И весь поселок потом еще хвалился, что “дело Маха” даже осветили по Би-би-си, но мне что-то не очень-то верится, хотя, с другой стороны, в тот год это была единственная политическая вылазка на всю Колыму.
Обо всем об этом я как следует передумал и утром, когда запели гимн, возвратился обратно в барак; и, против обыкновения, дверь в комнату была уже не заперта, а весь барак целиком с последними звуками хора обычно отпирает Лаврентьевна.
Я кинул Зое палку и к половине девятого ушел на работу, а перед обедом подошел к начальнице и во избежание неприятностей предупредил, что после обеда уже не приду (после обеденного перерыва устроили субботник, и всех, кто отлынивает, брали на карандаш), и начальница, все еще испуганно озираясь, очень деликатно меня успокоила (“Да, да... конечно... конечно... можете не приходить...”) и сказала, что с субботником она все уладит.
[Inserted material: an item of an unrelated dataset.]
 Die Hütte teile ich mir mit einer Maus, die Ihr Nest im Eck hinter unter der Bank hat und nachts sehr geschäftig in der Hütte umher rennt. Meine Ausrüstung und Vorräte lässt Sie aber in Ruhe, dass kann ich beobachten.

А после обеда Зоя протянула мне тюбик с кремом, и, подморгнув двигающему ушами Сереже, я сначала побрился. Потом нашел сапожную щетку и, не обнаружив коричневого, намазал черным гуталином уже давно ставшие серыми коричневые ботинки. Потом стащил через голову тельняшку и, причесавшись, воткнул малиновые запонки в белую рубашку, мне ее в ресторан дал напрокат по пьянке Вадик, да так с тех пор и осталась; и, покамест я брился, Зоя мне ее даже погладила.
Потом еще раз подмигнул в зеркале Сереже и, подняв на плаще воротник, вышел на улицу.
ТОРГОВЦЫ СОВЕСТЬЮ
Я огибаю толпу и, смерив ее взглядом, пристраиваюсь очереди в хвост. Очередь за фельетоном.
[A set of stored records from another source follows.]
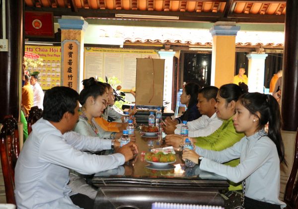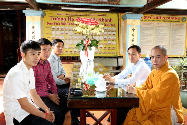 HT.Thích Thiện Duyên đã thay mặt BTS Phật giáo tỉnh chia sẻ đến đoàn UBMTTQ xây dựng Lào, tỉnh Champasak về lịch sử hình thành ngôi chùa Hội Khánh cũng như những sự kiện vừa diễn ra của PG tỉnh: Đại lễ Cầu siêu các nạn nhân tử vong do tai nạn giao thông; Đại lễ Phật đản của PG tỉnh; Khóa Bồi dưỡng Nghiệp vụ Hành chánh và kỹ năng xử lý thông tin; các mặt văn hóa, từ thiện, nghi lễ, giáo dục, hoằng pháp…. của Phật giáo Bình Dương.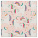 Tecido Unicórnio Branco com arco-íris a rosa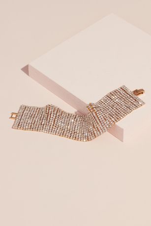 Comprised of rows of gleaming crystals, this fluid bracelet gives the illusion of a cuff bracelet

Киоск точно встроен в сугроб, и из приоткрытого окошка выскакивают газеты.
Сегодня в нашем городе сенсация: раскрыта подпольная банда.
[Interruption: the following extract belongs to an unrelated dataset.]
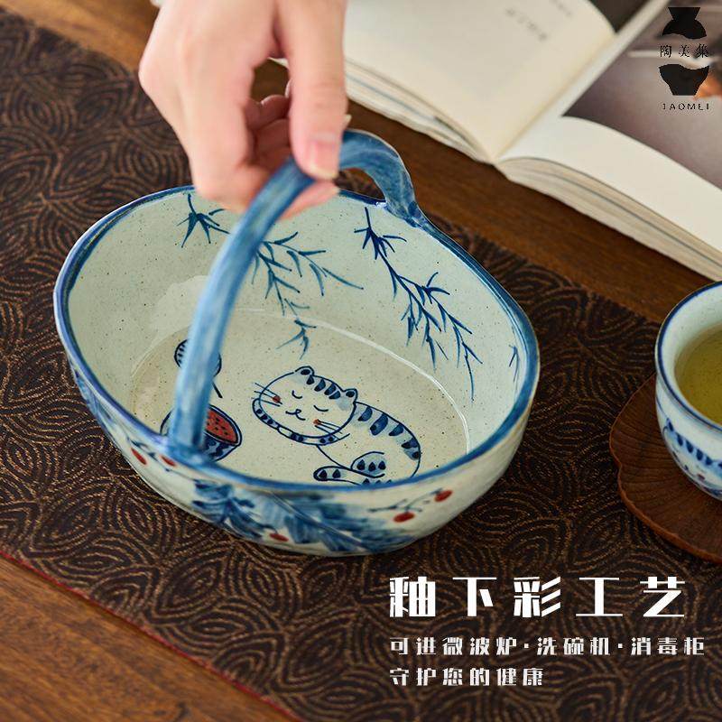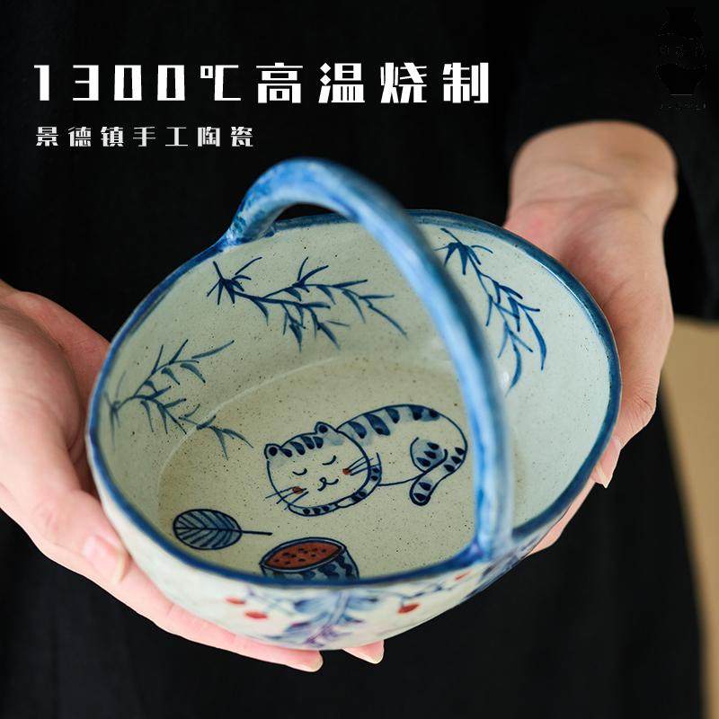 📚 陶美集手绘青花瓷提篮果盘景德镇手工釉下彩中式猫咪带提手盘子小

За несколько человек до цели окошко неожиданно задвигается, и граждане в оцепенении застывают. Все. Газеты уже закончились.
Вокруг киоска пустеет, и я барабаню в стекло. Киоскерша его нехотя отодвигает и строго прищуривается. Неужели мне так и непонятно. Что фельетона больше нет.
— Понимаете, — объясняю я киоскерше, — это про меня... там, в газете... — и, порывшись в кармане, показываю ей паспорт. — Вот, смотрите... — и вожу по своей фамилии пальцем.
Киоскерша смотрит на мою фотографию и, не говоря ни слова, вытаскивает мне из-под прилавка целую кипу.
Я протягиваю рубль и возвращаю ей обратно сдачу. На чай. И, загородившись от ветра, разворачиваю четвертую страницу:
“Может ли быть так, чтобы человек пришел в редакцию и настоятельно попросил: „Напишите, товарищи, обо мне фельетон!” Не спешите утверждать, что такого в жизни не бывает. Анатолий Григорьевич Михайлов сам, в добровольном порядке, напросился в герои фельетона. Он сказал:
— Мне известно, что к печати готовится материал под названием „Торговцы славой” о моем друге Владилене Голубеве. Так вот, имейте в виду — он не виноват.
Я — главный виновник...
Это мужественное заявление всем пришлось по душе. Хотелось тут же взяться за перо и написать заметку о прекрасном поступке Анатолия Михайлова. Но, честное слово, в тот момент, когда Михайлов явился в редакцию, никто не собирался писать в газету ни о нем, ни о его друге ни единой строчки: ни положительной, ни критической.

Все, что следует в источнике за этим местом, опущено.